Fork me on GitHub
#clojure-dev
<
2019-07-17
>
alexmiller00:07:54

iirc we looked at sip back when we made the last hash change in 1.6

alexmiller00:07:16

it's funny how I have no memory now of doing any of that work :)

alexmiller00:07:22

good thing I wrote it down

ghadi00:07:56

SipHash is slower than Murmur3 (what we use) but Murmur3 is susceptible to hash-flooding

ghadi00:07:16

I also remember SipHash being set aside back then too

alexmiller00:07:32

I do recall at least coming across it, and city, and a few others

alexmiller00:07:49

I don't remember why I didn't include them now

ghadi00:07:56

Apparently CityHash is worse than Murmur3 for collision flooding attacks (source: djb)

andy.fingerhut00:07:32

Breaking down and installing YourKit. Strange I haven't used it before. Perf debugging really not very fun without a decent profiler.

alexmiller01:07:20

don't believe everything you see with yourkit, particularly around microbenching

alexmiller01:07:36

it uses safepoints, and also seems to end up with inflated #s for things called more often, particularly if using tracing not sampling

alexmiller01:07:27

I find it useful for memory debugging and for getting leads on things to look at with perf (or things that are unexpected/surprising) but exercise caution in drawing conclusions only from yk (or any profiler)

andy.fingerhut01:07:24

Thanks for the advice.

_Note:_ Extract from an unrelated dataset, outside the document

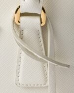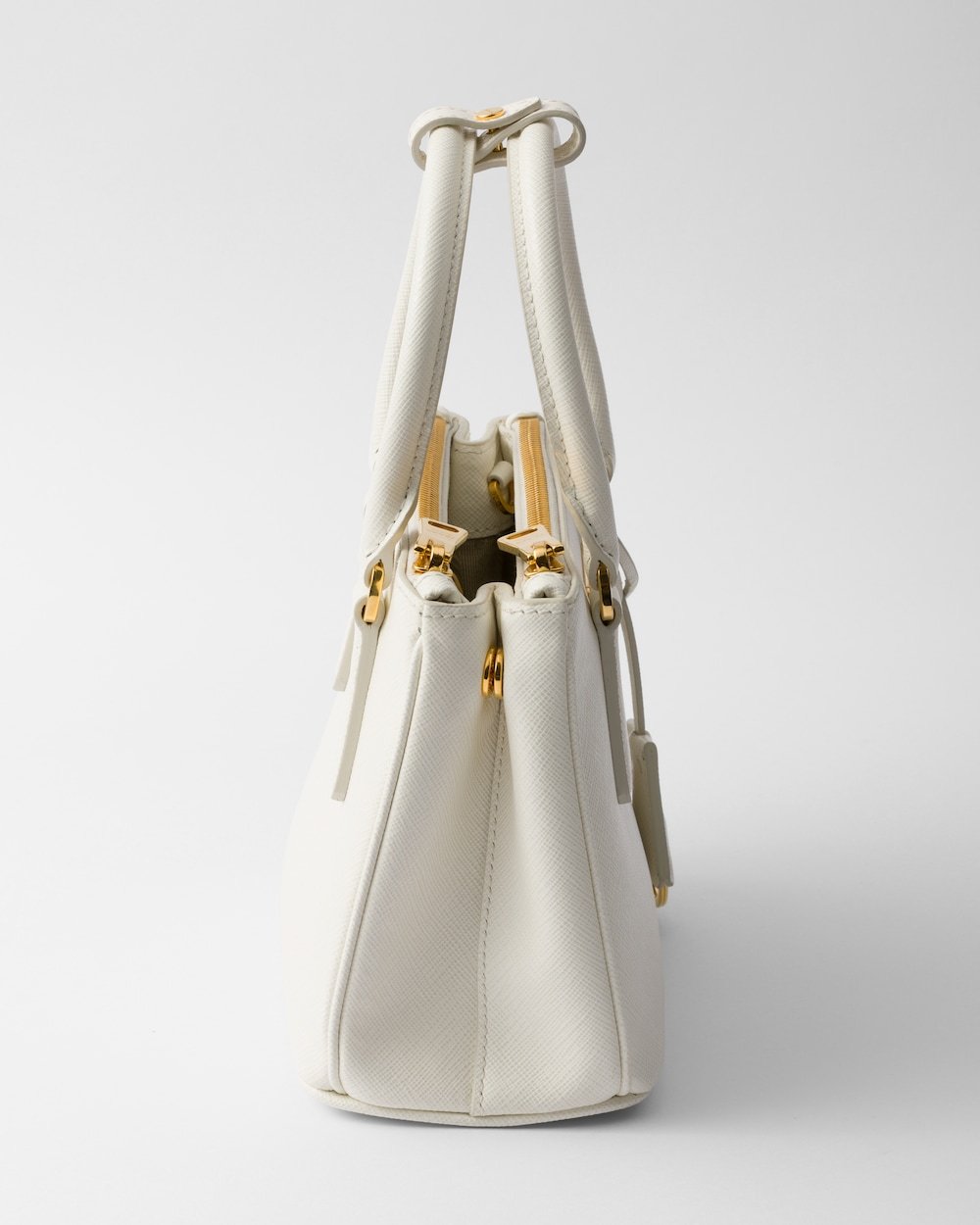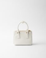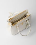 Production of the Prada Galleria bag, composed of 83 pieces, is an authentic fusion between industrial precision and the refined accuracy of craftsmanship that can only be performed by hand. The design is clean and elegant yet innately pragmatic, an aesthetic language blending form and function that combines history and modernity. Originating the definition of “timeless”, the Galleria bag has become a hallmark of Prada’s identity in the twenty-first century. The accessory, presented in the mini version, is made of iconic Saffiano leather that was patented by the founder of the brand and features a crosshatch texture and waxed finish.

Right now just trying to narrow down where the code is spending most of its time.

andy.fingerhut01:07:29

hoping it can give hints there.

andy.fingerhut01:07:42

In a function that executes for 5 minutes

alexmiller01:07:49

if you want the short version, just take thread dumps every 10s or so. if there's a bottleneck, they'll all be the same and the function at the top is it.

alexmiller01:07:37

this seems dumb, but is remarkably effective at telling you the exact same thing that a sampling profiler will tell you

alexmiller01:07:57

tracing profilers often give misleading results (but are super useful for examining counts if you control the test). for example, if you're doing something 10k times, and you see a function called 50k times when you expect it to be 10k times, that's a big tell

jumar05:07:32

I second that recommendation. clj-async-profiler is really handy for quickly getting a grasp where your CPU time is spent

alexmiller01:07:52

which can even avoid safe points

cfleming03:07:53

I think flight recorder is the gold standard now, and I believe it also doesn’t have the safepoint problem.

cfleming03:07:23

I remember Tom Crayford talking about it at EuroClojure a couple of years back.

devn04:07:23

It would be good to capture this knowledge was available somewhere more accessible, under a heading like “profiling clojure applications”.

jumar05:07:12

it's basically "profiling jvm applications" I think

alexmiller05:07:40

^^ nothing here is clojure-specific

alexmiller05:07:54

Alex Yakushev has written a ton of great stuff at http://clojure-goes-fast.com/blog/

đź‘Ť 2
andy.fingerhut09:07:54

Hmm. Regarding the performance issue I mentioned earlier. I am not much farther in figuring out why one version of the code takes about 10x longer, except that I changed the slower one so it no longer uses sets of integers as map keys/set elements, only integers, and that version is still 10x slower. So whatever is making it slower has nothing to do with my earlier guess.

andy.fingerhut21:07:53

while peeking around and experimenting, I did notice that if you use sets or maps as keys in an array-map, there is no identical check when searching for such a key, because equivPred is used, and finds the equiv method for sets or maps, which have no identical check. For a hash-map, it uses Util.equiv(Object, Object) which does have the identical check.